In a study by Yuksel, et al. (2008), children with moderate asthma had significantly higher scores than non-asthmatic children on the Conners’ Parent Rating Scale-48 (CPRS), an ADHD rating scale. 

A study by Blackman & Gurka (2007) also found that children with asthma had a higher rate of ADHD.  As severity of asthma symptoms increased, so did the rate of ADHD symptoms. 

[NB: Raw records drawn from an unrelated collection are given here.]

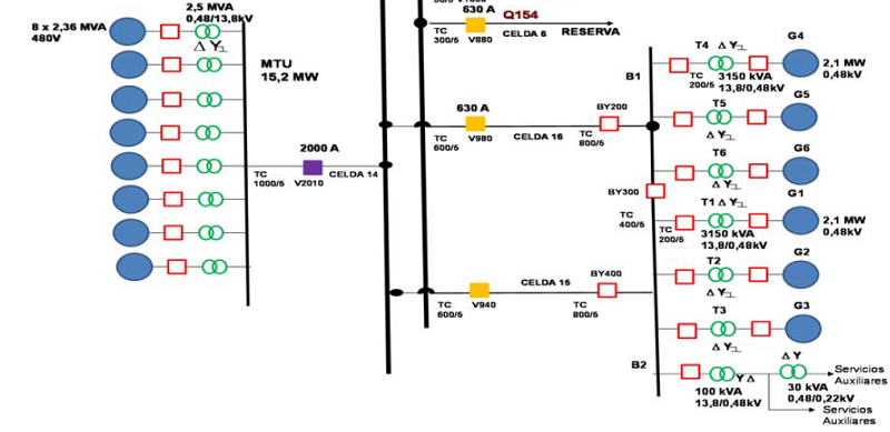El ajuste del umbral de tiempo definido mirando para los generadores se coordinó con los totalizadores de los grupos de máquinas (MAN, HYUNDAI, MTU china) y para el caso de las MTU alemanas con las protecciones de la línea de cada generador. Las cartas de ajuste de los generadores fueron suministradas por la Empresa Eléctrica de Villa Clara aunque los responsables del buen funcionamiento de estas protecciones son de otra empresa, GEYSEL.
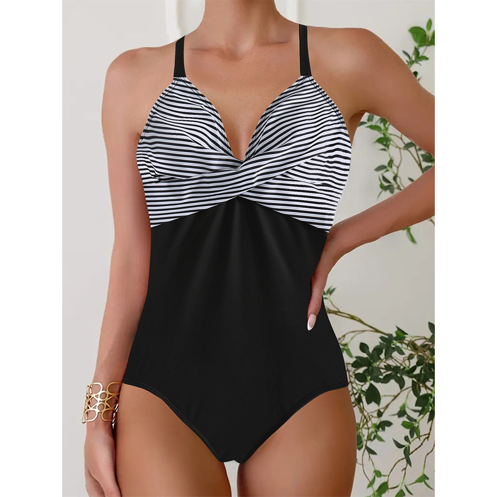2025 새로운 국경 유럽과 미국의 섹시 플러스 사이즈 모입니다. 흰색 줄무늬 패션 원피스 비키니 수영복 여성스토어 가기
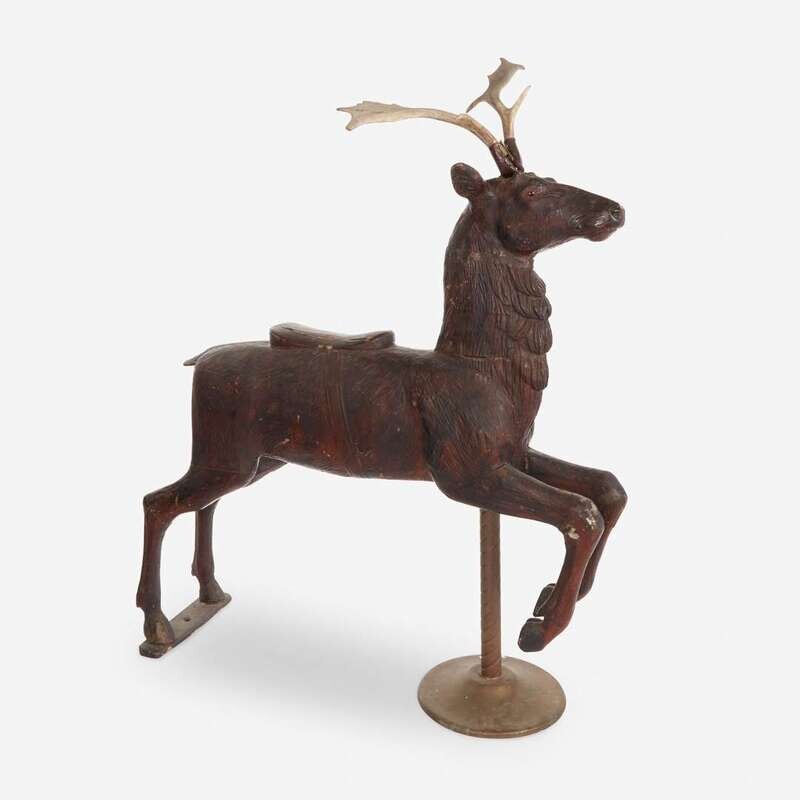 Carved and painted wood carousel deer Attributed to Gustav Bayol (1859-1931), France, late 19th century
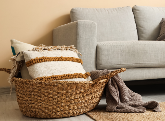 Living Room Reset (throws, pillows, lighting, storage baskets)
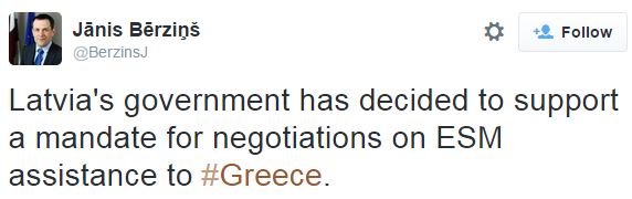 Η κυβέρνηση της Λετονίας αποφάσισε να στηρίξει την εντολή διαπραγμάτευσης με τον ESM για την διάσωση της Ελλάδας.

There may be a few reasons behind these findings.  There may be shared genes for asthma and ADHD.  In addition, some medications for asthma can cause side effects similar to ADHD symptoms.  Also, when you can’t breathe, you have increased anxiety (I have asthma and there’s something about lacking air that makes you a little panicked), and some symptoms of anxiety can mimic symptoms of ADHD.  There is also the possibility that ADHD and asthma are inherited independently of one another, with one disorder not actually increasing the likelihood of developing the other.  And there is always a possibility that the reason is a combination of the factors above, or other factors. 

Yuksel, H., Sogut, A., & Yilmaz, O.  Attention deficit and hyperactivity symptoms in children with asthma.  Children with more severe asthma symptoms had more severe ADHD symptoms.  The Journal of Asthma, 45(7), 545-547.

Blackman, J.A. & Gurka, M.J. (2007).  Developmental and behavioral comorbidities of asthma in children.  Journal of Developmental and Behavioral Pediatrics, 28(2), 92-99.